In 1984-85 he had participated in "many meetings" but people would not make up their minds about a new party. This came to a head towards the end of 1985: "I said, 'look it's either going ahead now or it's not going ahead'. "

When he walked out, his decision was final and from that night onwards he never had any discussions about joining another party.

"On that particular night, there was an agreement between the people that were there that we would never speak about it again and we'd never refer to anybody else who was at the meeting and I, over the years, have never done so."

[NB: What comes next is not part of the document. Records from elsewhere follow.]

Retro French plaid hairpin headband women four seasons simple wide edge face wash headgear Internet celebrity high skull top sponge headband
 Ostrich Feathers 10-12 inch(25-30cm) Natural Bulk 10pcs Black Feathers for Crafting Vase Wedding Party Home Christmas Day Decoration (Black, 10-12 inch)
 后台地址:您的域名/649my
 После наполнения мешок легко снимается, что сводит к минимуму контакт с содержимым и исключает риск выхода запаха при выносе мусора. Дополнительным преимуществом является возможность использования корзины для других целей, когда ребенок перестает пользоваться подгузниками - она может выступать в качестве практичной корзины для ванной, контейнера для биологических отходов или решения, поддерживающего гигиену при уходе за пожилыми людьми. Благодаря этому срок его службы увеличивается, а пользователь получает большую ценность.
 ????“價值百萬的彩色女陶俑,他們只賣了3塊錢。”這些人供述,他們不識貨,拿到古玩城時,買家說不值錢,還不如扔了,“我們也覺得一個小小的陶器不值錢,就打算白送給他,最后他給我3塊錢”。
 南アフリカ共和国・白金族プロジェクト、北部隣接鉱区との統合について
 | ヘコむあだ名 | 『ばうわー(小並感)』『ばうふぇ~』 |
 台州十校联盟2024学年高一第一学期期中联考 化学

He said that earlier in 1985 he had written a foundation document for a new party, "Ideas by Number Two", which was published in the Stephen Collins book.

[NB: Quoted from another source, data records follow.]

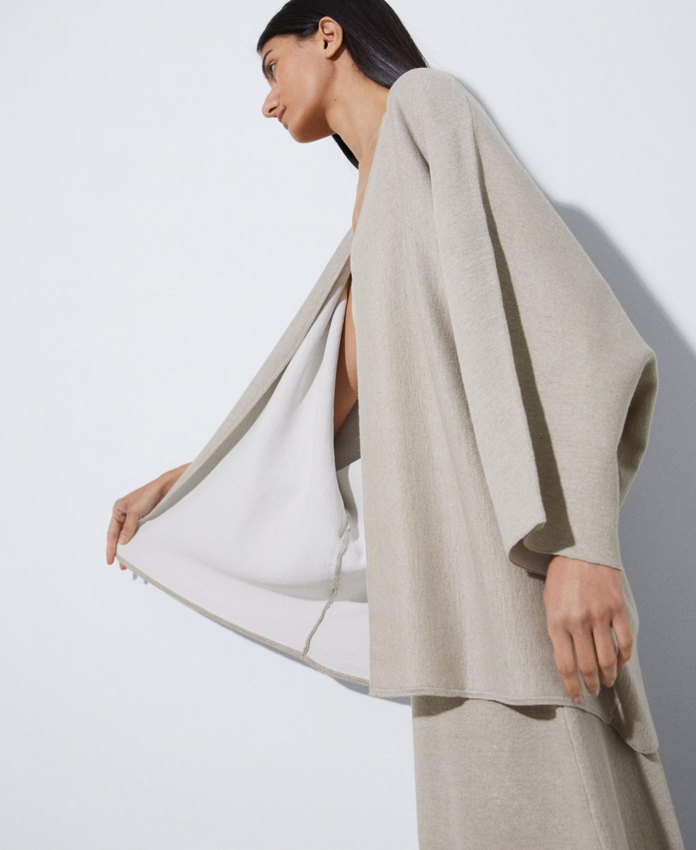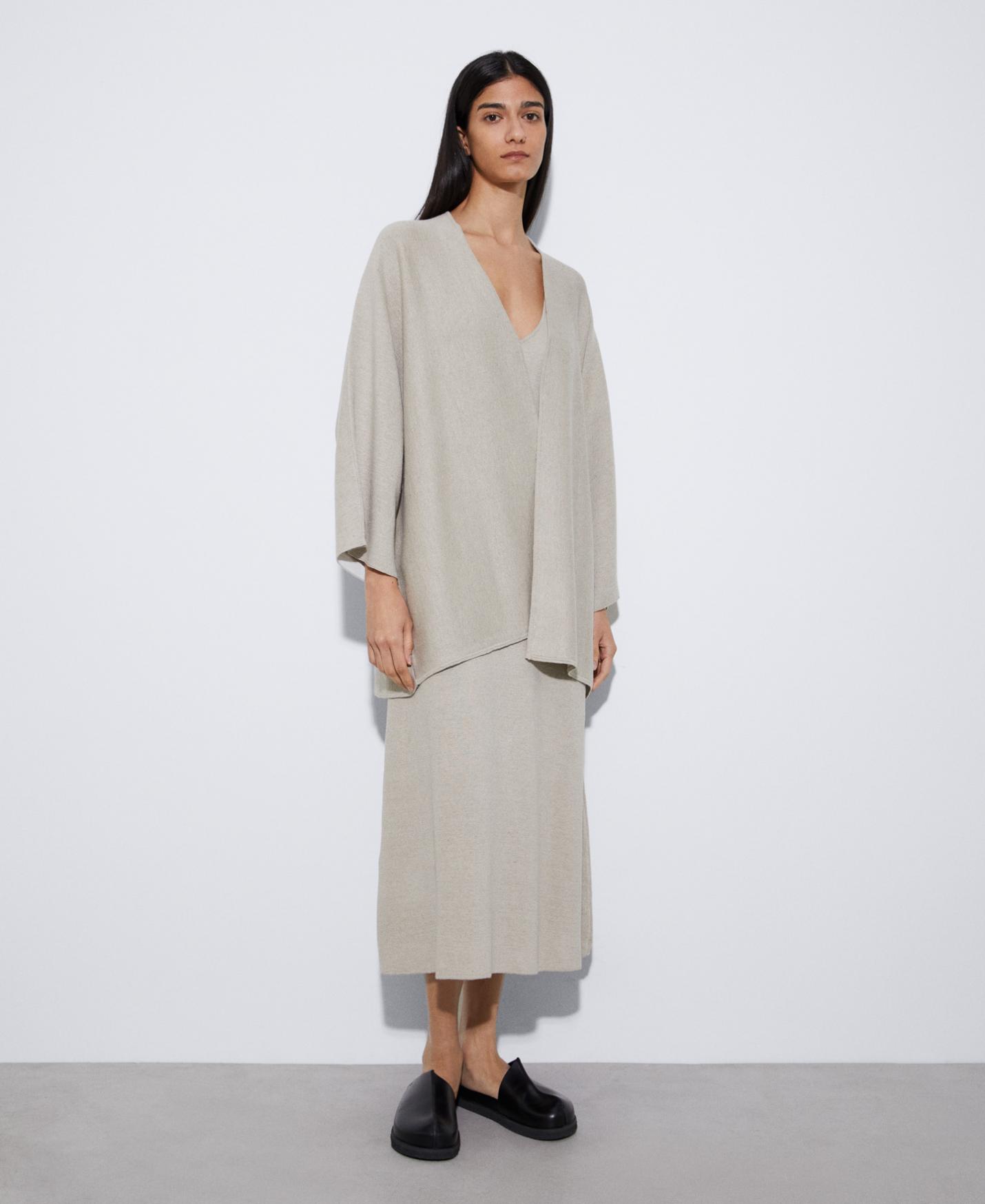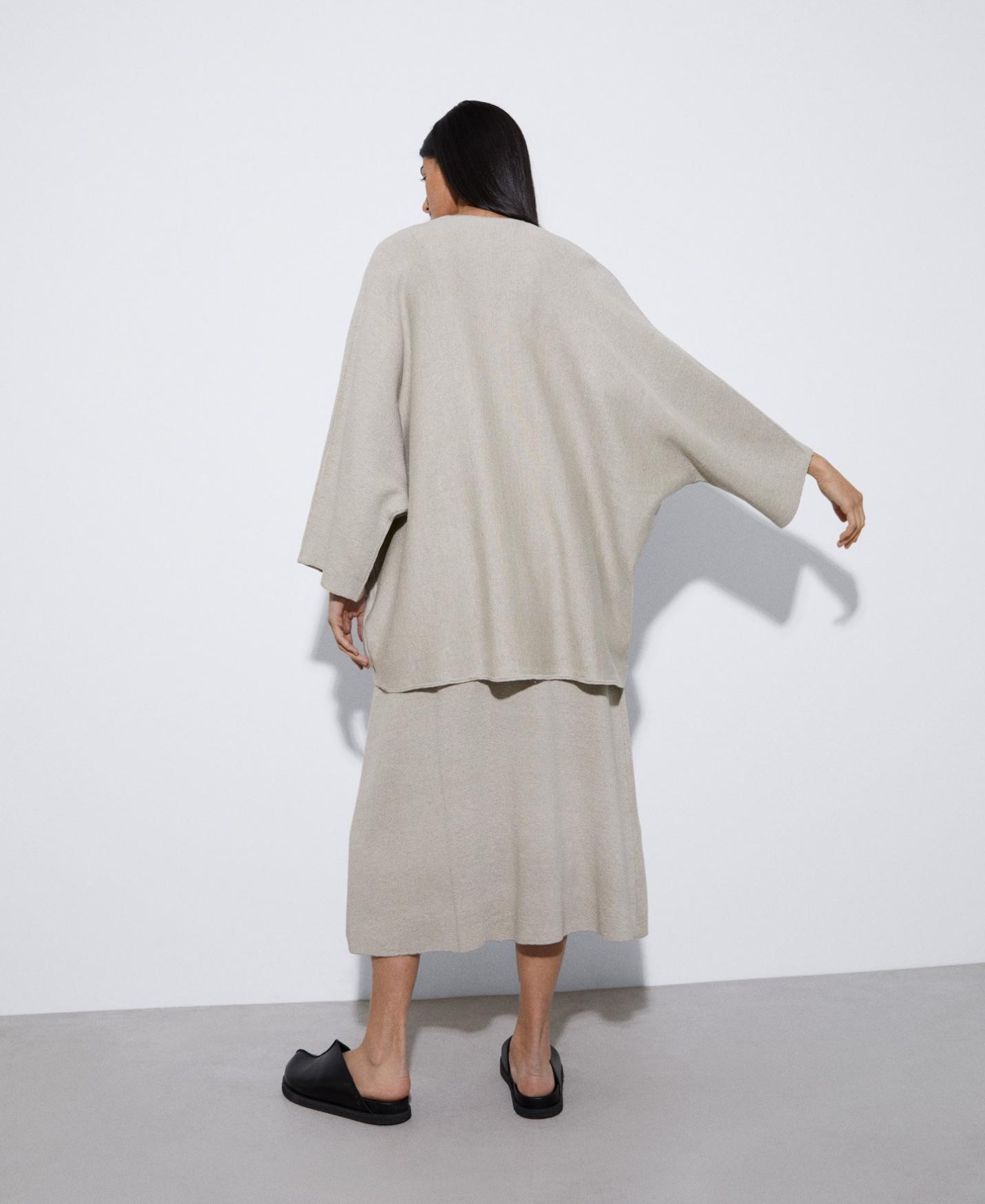 Chaqueta en punto de lino, nylon y viscosa. Tiene caída asimétrica, sin cierres y manga larga.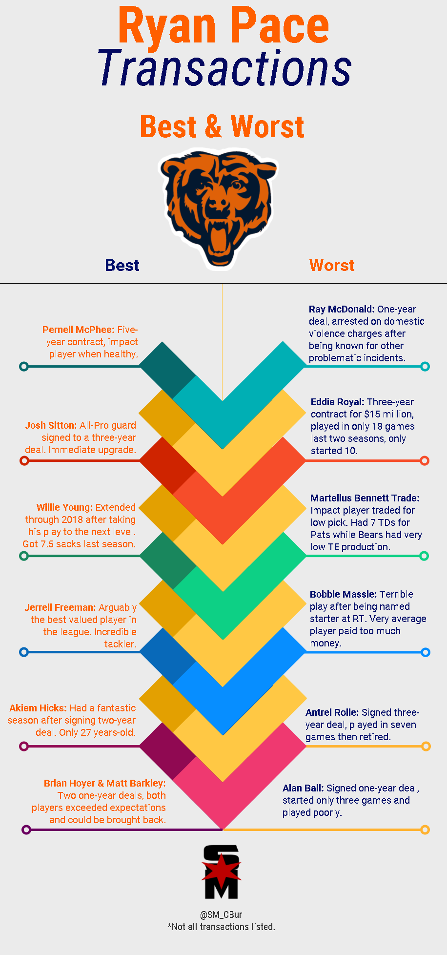 Ryan Pace is the 37 year-old general manager of the Chicago Bears and has been since getting hired back in January of 2015. In the last two seasons, Pace has made a flurry of moves to try and revitalize the Bears’ roster since Phil Emery’s departure…. some have been very good, others … not so much.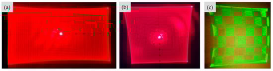 Figure 1. Rectangular (a), square (b), and checkerboard (c) Lissajous patterns generated by the resonant MEMS mirrors of the borescope prototype. Lissajous patterns were generated by the resonant MEMS and driven with a sinusoidal voltage of ±30 V; FOVs of approx. 28° × 59° (a) and 41° × 41° (b) were realized.

"That's what the government of '87 more or less followed and what I followed very religiously when I became minister for finance many, many years later," he said.

Asked if his decision to remain with Fianna Fáil was based on political calculation or a lingering emotional attachment to the party, he said: "I went through a period in the '80s when I considered giving up politics." He added: "I just was totally fed up with it."

He felt politics was "a kind of a waste, I could be doing other things, I'm reasonably well-qualified".

But then his interest in politics "kinda got resuscitated" just prior to the 1987 general election and "took on a life of its own".

Like his colleague David Andrews, he could not break the connection with Fianna Fáil which was "an unbelievable tribe".

"People can be desperately critical of us and people hate us for generations but you'd have to admit we're some tribe," he continued. Fianna Fáil had survived "everything under the sun" including the arms crisis and internal dissidents like himself.

But he got his politics from his mother's side of the family, who had been involved in the War of Independence and on the republican side in the Civil War.

He also had a family connection with Fine Gael and his father was a member of the Blueshirts but died when Charlie was only four-and-a-half. But he was brought up to revere Eamon de Valera and he could not leave Fianna Fáil "when it came to the crunch".

He always had "great admiration" for Bobby Molloy who was Fianna Fáil "through and through" but still "made the jump" and joined the PDs. But he also praised former taoiseach and Fianna Fáil leader Charles Haughey who had to be "given credit" for putting the public finances in order when he was returned to office in 1987.

Asked to comment on the dispute at Irish Ferries, Mr McCreevy said, "Naturally as EU commissioner I am not going to get involved in a very contentious issue here in Ireland."